* _Directions for this task_:
Task for the records below: please copy exactly, and only, the lines from the one containing "This ensemble matches" to the last line, both included, leaving out the pictures.

* _Records supplied_:

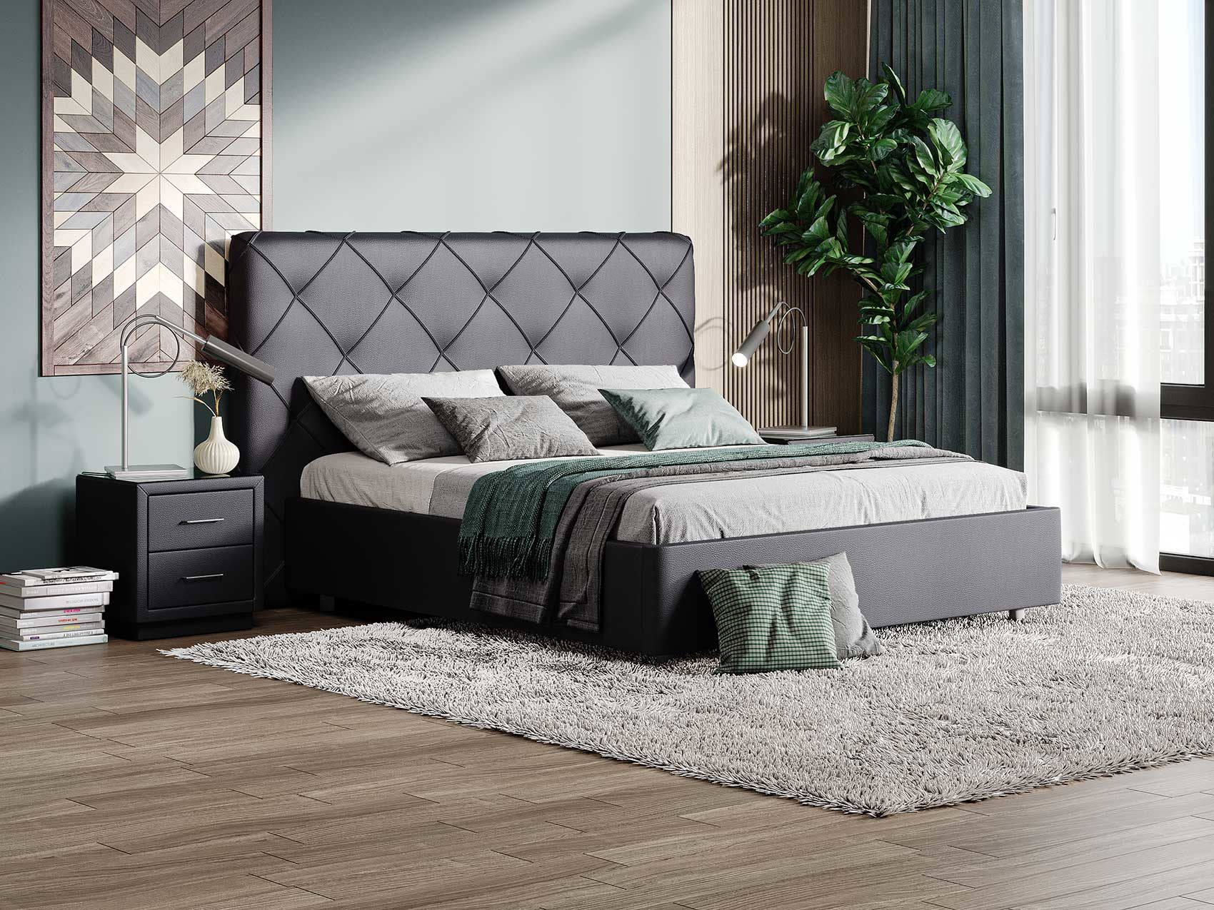 Современная интерьерная кровать. При необходимости, возможно установить подъемный механизм с бельевым ящиком. Ножная царга кровати скругленная по углам, что обеспечивает более элегантный внешний вид.
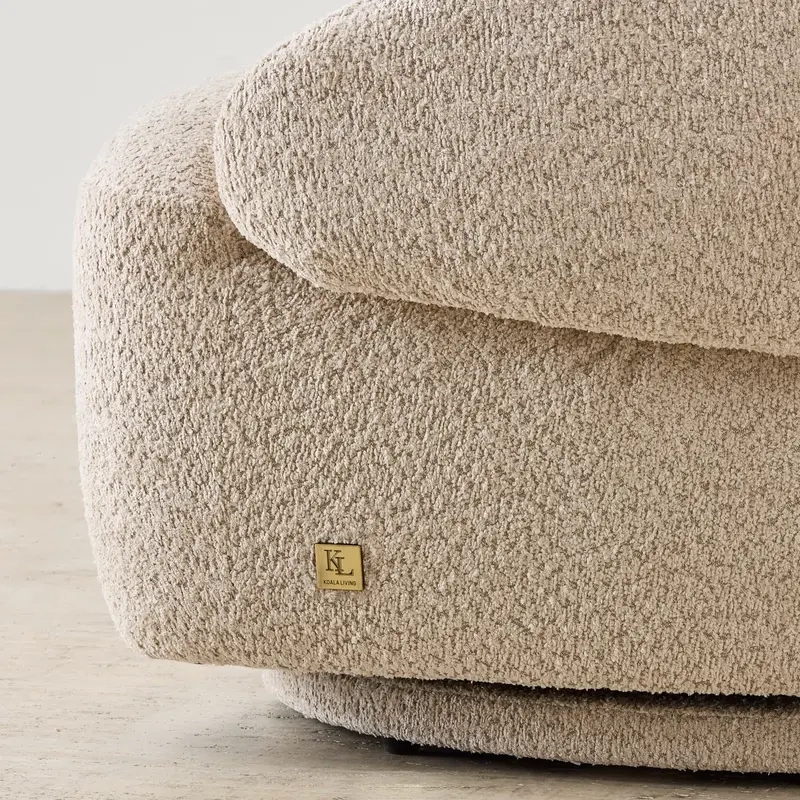 The textured woven fabric in a mid beige tone adds natural warmth and subtle depth to the design. Balanced and sculptural, the Verage offers both timeless style and effortless comfort.
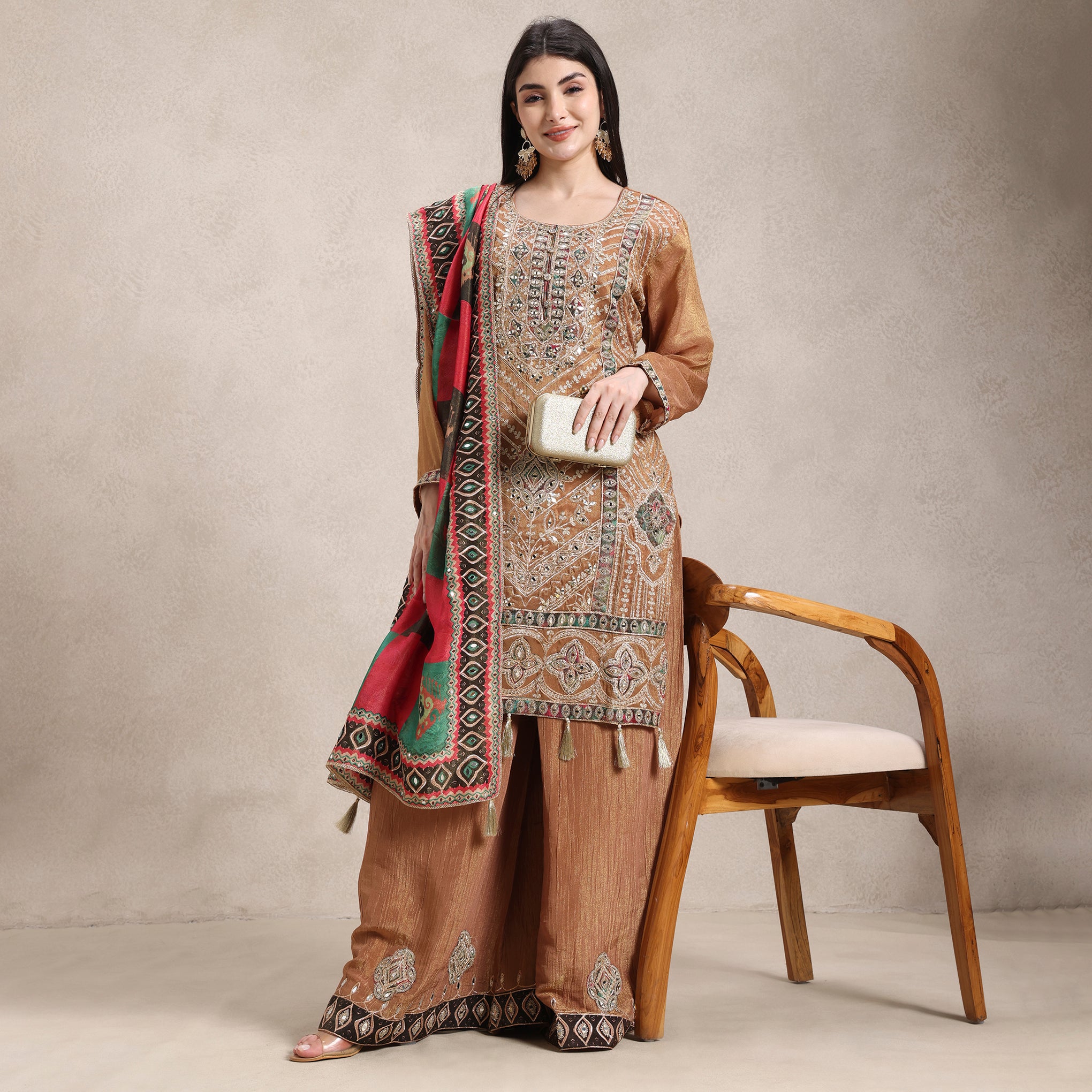 This ensemble matches a shimmer shirt with coding & hand + gotta work for weddings, pairs as a shimmer plazo gotta work party wear set for cocktails, completes as a crepe digital print dupatta with shimmer suit for receptions.
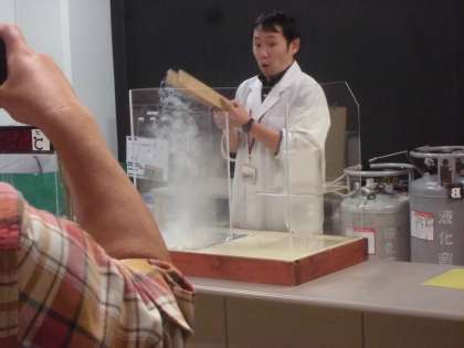 ー197もの低い温度に色々なものを入れて,どうなるのか試しました。
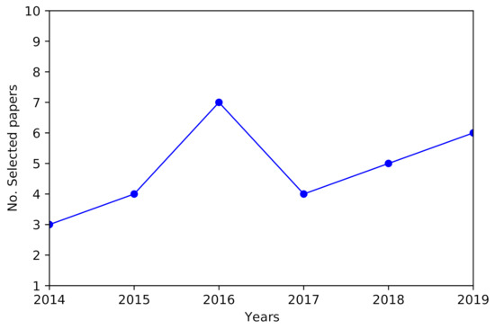 The full-text analysis included 98 papers, of which 56% were discarded because they were outside the QoE/UX context; this gives the insight that related research has been performed, but a lack of research remains in the specific context of this review. Figure 2 presents the chronological distribution of the 29 selected papers; a maximum of seven papers published in 2016 and an average of five papers per year in the period 2015–2019 were observed.
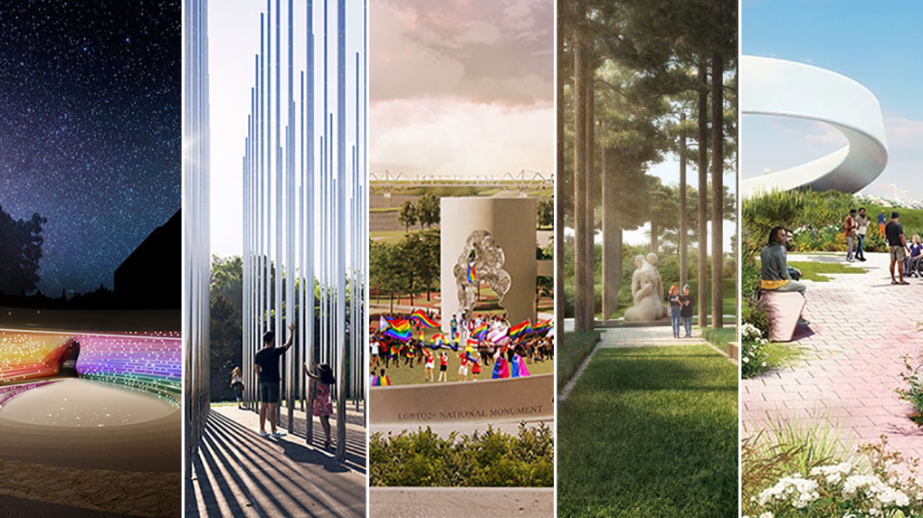 A collage of conceptual designs for the proposed LGBTQ2+ National Monument
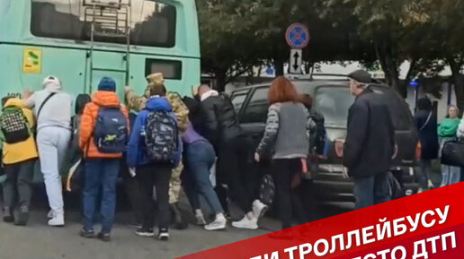 Пассажиры помогли троллейбусу объехать место ДТП

* _Task solution_:
 This ensemble matches a shimmer shirt with coding & hand + gotta work for weddings, pairs as a shimmer plazo gotta work party wear set for cocktails, completes as a crepe digital print dupatta with shimmer suit for receptions.
 ー197もの低い温度に色々なものを入れて,どうなるのか試しました。
 The full-text analysis included 98 papers, of which 56% were discarded because they were outside the QoE/UX context; this gives the insight that related research has been performed, but a lack of research remains in the specific context of this review. Figure 2 presents the chronological distribution of the 29 selected papers; a maximum of seven papers published in 2016 and an average of five papers per year in the period 2015–2019 were observed.
 A collage of conceptual designs for the proposed LGBTQ2+ National Monument
 Пассажиры помогли троллейбусу объехать место ДТП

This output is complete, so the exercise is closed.